河北さんは、「訓練をしようとしたときに、要配慮者本人が出て来れずに、健常者の方の模擬体験で終わってしまいがち。個別計画を作成するにあたっても災害時に在宅医療児がどうなってしまうのか知るために訓練が必要だった。当日は、『なるべく通い慣れている支援学校に安心して避難したい』という保護者のニーズや、在宅医療児がどのようなニーズを持っているのかを汲み取れるよい機会になった」とふり返ります。

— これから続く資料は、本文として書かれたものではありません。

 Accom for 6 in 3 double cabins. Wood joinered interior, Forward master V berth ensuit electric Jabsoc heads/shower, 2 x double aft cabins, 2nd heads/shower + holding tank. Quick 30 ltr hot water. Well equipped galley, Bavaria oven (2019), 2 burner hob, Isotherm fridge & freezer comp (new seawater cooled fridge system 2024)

また、平成29年6月、南浦地区の防災訓練にはじめて要配慮者の方が参加しました。自治会からぜひとお願いして参加してくれた方です。参加した地域住民は、災害ボランティアセンターの職員から車いすの操作方法を学び、斜面のきつい坂を介助して避難所である学校へ避難をしてみました。河北さんは、「住民からは、『坂道での車いすの使い方が分かった』と声があがった一方で、やはり支援することへの責任感の重さやハードルの高さが指摘された。訓練を積み重ねながら、何かひとつでもいい、声かけだけでもいいと支援のハードルを下げられるような呼びかけをしていきたい」と話します。

 

他にも、平成27年には病院が参加した訓練も実施されました。トリアージの後、二次避難所である老人保健施設とやり取りし、移送するという訓練です。また、同年、聴覚障害のある方が実際に参加し、手話通訳者がアナウンスを筆記や手話で情報を伝える訓練を行いました。

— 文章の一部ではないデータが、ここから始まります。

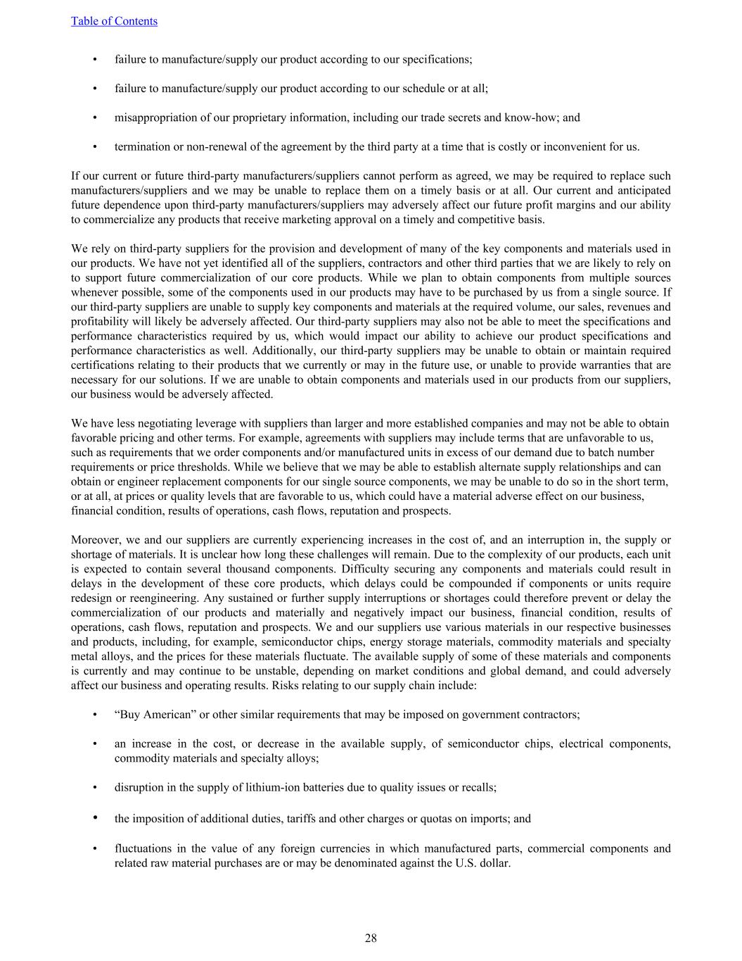 • failure to manufacture/supply our product according to our specifications; • failure to manufacture/supply our product according to our schedule or at all; • misappropriation of our proprietary information, including our trade secrets and know-how; and • termination or non-renewal of the agreement by the third party at a time that is costly or inconvenient for us. If our current or future third-party manufacturers/suppliers cannot perform as agreed, we may be required to replace such manufacturers/suppliers and we may be unable to replace them on a timely basis or at all. Our current and anticipated future dependence upon third-party manufacturers/suppliers may adversely affect our future profit margins and our ability to commercialize any products that receive marketing approval on a timely and competitive basis. We rely on third-party suppliers for the provision and development of many of the key components and materials used in our products. We have not yet identified all of the suppliers, contractors and other third parties that we are likely to rely on to support future commercialization of our core products. While we plan to obtain components from multiple sources whenever possible, some of the components used in our products may have to be purchased by us from a single source. If our third-party suppliers are unable to supply key components and materials at the required volume, our sales, revenues and profitability will likely be adversely affected. Our third-party suppliers may also not be able to meet the specifications and performance characteristics required by us, which would impact our ability to achieve our product specifications and performance characteristics as well. Additionally, our third-party suppliers may be unable to obtain or maintain required certifications relating to their products that we currently or may in the future use, or unable to provide warranties that are necessary for our solutions. If we are unable to obtain components and materials used in our products from our suppliers, our business would be adversely affected. We have less negotiating leverage with suppliers than larger and more established companies and may not be able to obtain favorable pricing and other terms. For example, agreements with suppliers may include terms that are unfavorable to us, such as requirements that we order components and/or manufactured units in excess of our demand due to batch number requirements or price thresholds. While we believe that we may be able to establish alternate supply relationships and can obtain or engineer replacement components for our single source components, we may be unable to do so in the short term, or at all, at prices or quality levels that are favorable to us, which could have a material adverse effect on our business, financial condition, results of operations, cash flows, reputation and prospects. Moreover, we and our suppliers are currently experiencing increases in the cost of, and an interruption in, the supply or shortage of materials. It is unclear how long these challenges will remain. Due to the complexity of our products, each unit is expected to contain several thousand components. Difficulty securing any components and materials could result in delays in the development of these core products, which delays could be compounded if components or units require redesign or reengineering. Any sustained or further supply interruptions or shortages could therefore prevent or delay the commercialization of our products and materially and negatively impact our business, financial condition, results of operations, cash flows, reputation and prospects. We and our suppliers use various materials in our respective businesses and products, including, for example, semiconductor chips, energy storage materials, commodity materials and specialty metal alloys, and the prices for these materials fluctuate. The available supply of some of these materials and components is currently and may continue to be unstable, depending on market conditions and global demand, and could adversely affect our business and operating results. Risks relating to our supply chain include: • “Buy American” or other similar requirements that may be imposed on government contractors; • an increase in the cost, or decrease in the available supply, of semiconductor chips, electrical components, commodity materials and specialty alloys; • disruption in the supply of lithium-ion batteries due to quality issues or recalls; • the imposition of additional duties, tariffs and other charges or quotas on imports; and • fluctuations in the value of any foreign currencies in which manufactured parts, commercial components and related raw material purchases are or may be denominated against the U.S. dollar. Table of Contents 28

京都府から示されている「福祉避難コーナー」の設置も試みることにしました。その時の訓練について、板垣さんは、「『コーナー』という言葉から、素直に避難所の隅に災害時要配慮者の方が過ごすスペースをつくってしまった。そして、参加していただいた災害時要配慮者方だけを、受付で福祉避難コーナーに行くように振り分けた。その方が避難所の隅でポツンと椅子に座っているところを見て、

『失敗した!』と感じた。確かに手話による情報支援は対象者をまとめることが必要だが、災害時要配慮者もできるだけ一般の方と同じシートで過ごしてもらう方がよかった。要配慮者支援は、その方を取り出して特別扱いすることではないと実感するとともに、一般の方と、少しの配慮があれば地域の方と一緒に過ごせる要配慮者が避難所で一緒に過ごすことは、地域の方の配慮の気持ちを育てることにつながると思った」とふり返ります。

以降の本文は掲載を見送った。